Ultrasensitive and Highly Selective Electrochemical Biosensor for HIV Gene Detection Based on Amino-Reduced Graphene Oxide and β-cyclodextrin Modified Glassy Carbon Electrode

A differential pulse voltammetry (DPV) platform for the sensing of human immunodeficiency virus (HIV) gene was described through the self-assembling of amino-reduced graphene oxide (NH2-rGO) and beta-cyclodextrin (beta-CD) on the surface of glassy carbon electrode (GCE). It is making use of the single-stranded DNA (ssDNA) with sequence hybridized with HIV gene.

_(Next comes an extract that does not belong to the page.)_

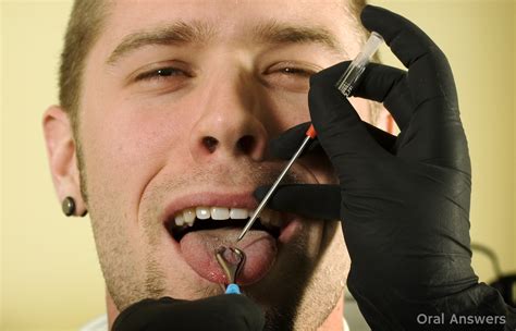 The piercer will check the underside of the tongue for large blood vessels, sometimes with a bright light, and mark a safe placemt for the piercing. The tongue is th clamped with forceps and pierced with a needle, usually from top to bottom with a piercing needle or from bottom to top with a cannula needle. Initial jewelry should always be considerably longer than will ultimately be required to allow for the swelling, which is common following the piercing. Within two days of getting the piercing the tongue can swell up to double its original size. This can lead to pain wh speaking and eating, but this is not permant.
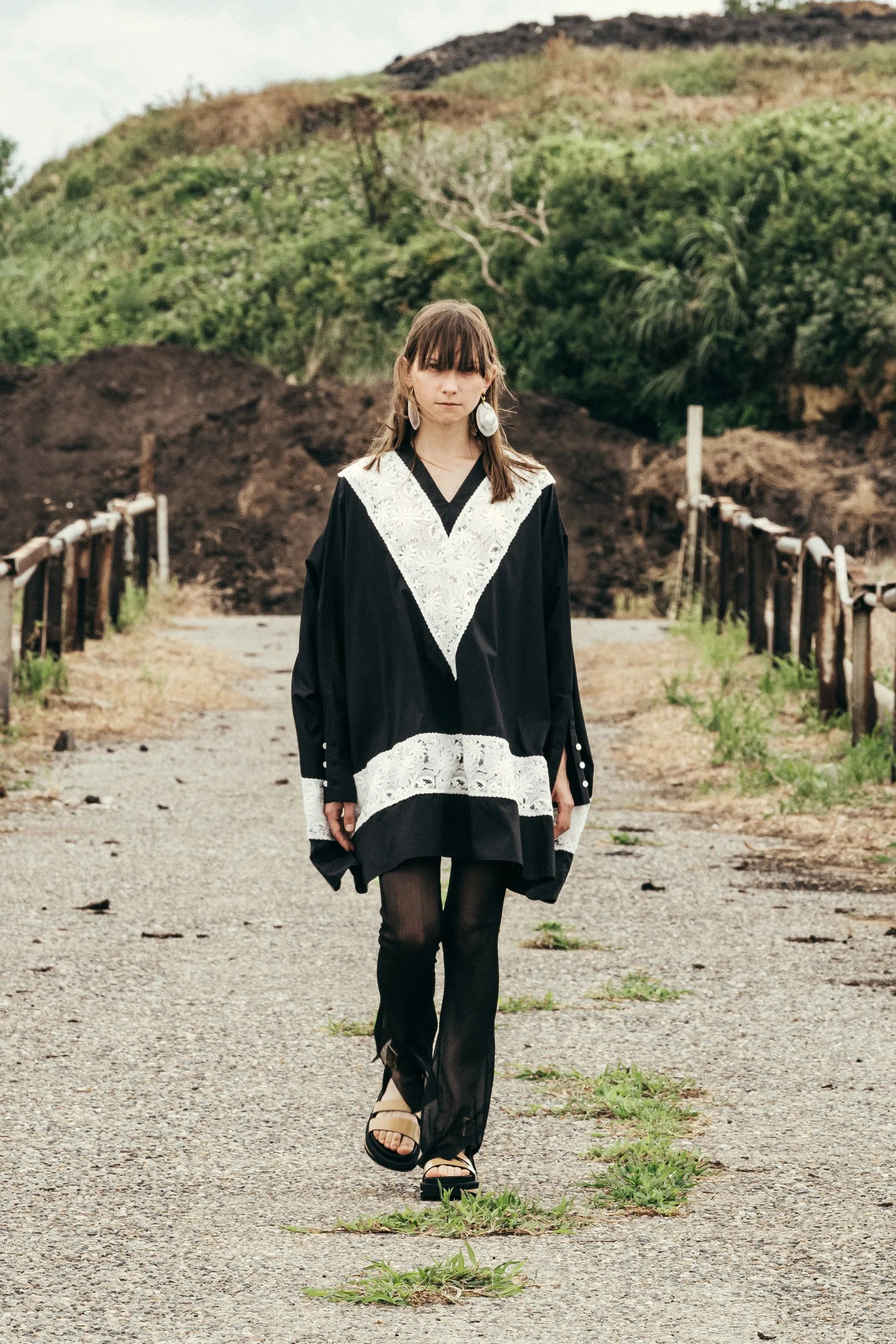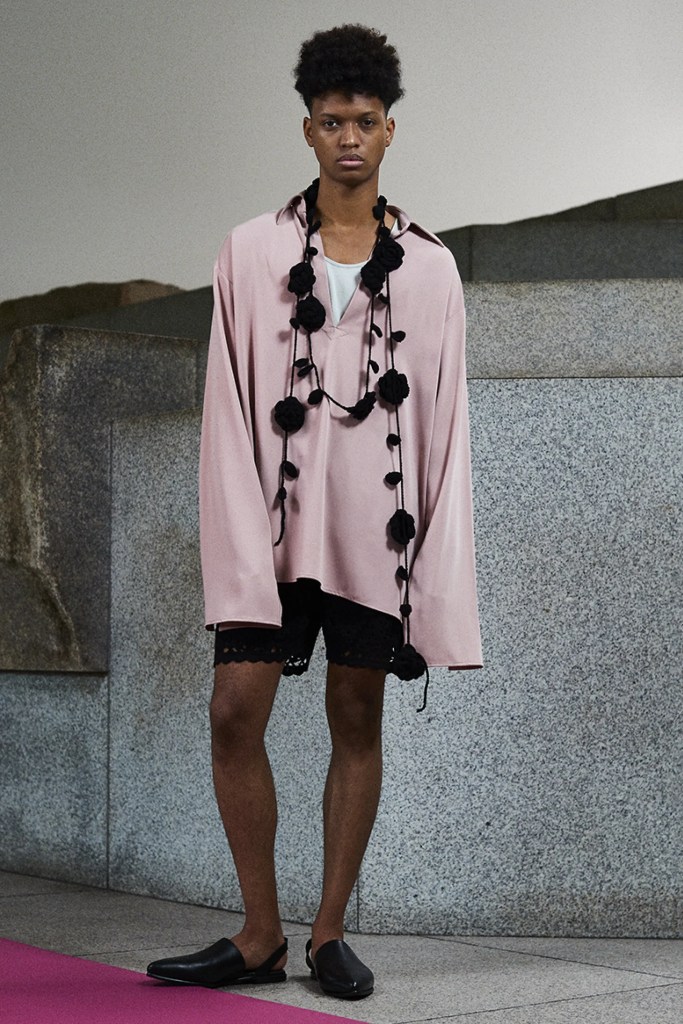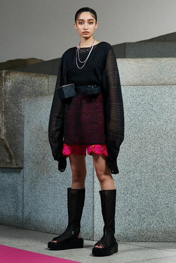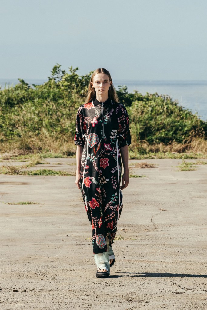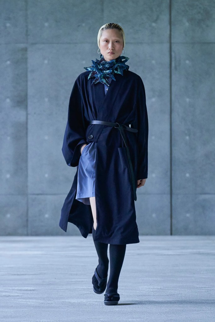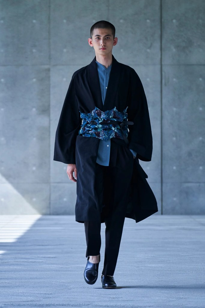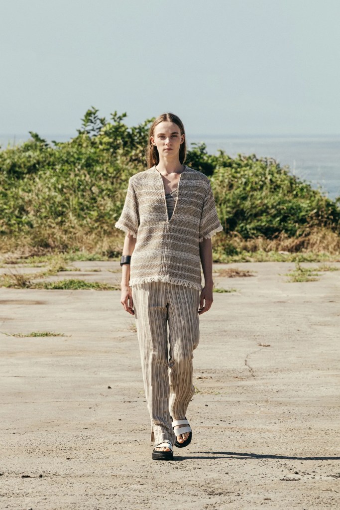 CINOH ‘s collection is the answer to the office worker’s dilemma of going back to the office after the pandemic, with light and airy clothing similar enough to the comfortable clothes we’re used to wearing while working or learning from home, but structured enough to be accepted at the office. Designer Takayuki Chino brings in fringe, tie-dye patterns, lace inserts, and shirts large enough to nearly be considered tunics to bridge the gap between the comfort of home clothes and sensible style office and business wear.

The ssDNA was attached on NH2-rGO/beta-CD modified GCE (NH2-rGO/beta-CD/GCE) surface, then methylene blue (MB) was interacted with ssDNA to general obvious DPV signal. The HIV gene was then initiated to hybridize with ssDNA on NH2-rGO/beta-CD/GCE surface, causing a dramatic decrease in DPV response of MB at potential of -0.25 V (vs. Ag/AgCl). Under optimal experimental conditions, response was linear in the 0.05 pM to 1 pM HIV gene concentration range. The electrochemical biosensor displayed an ultrahigh sensitivity with detection limit of 8.7 fM and excellent selectivity. The modified electrode displayed good reproducibility, ultra-high sensitivity, and terrific selectivity. This electrochemical biosensor was successfully used for the determination of HIV gene in human serum samples.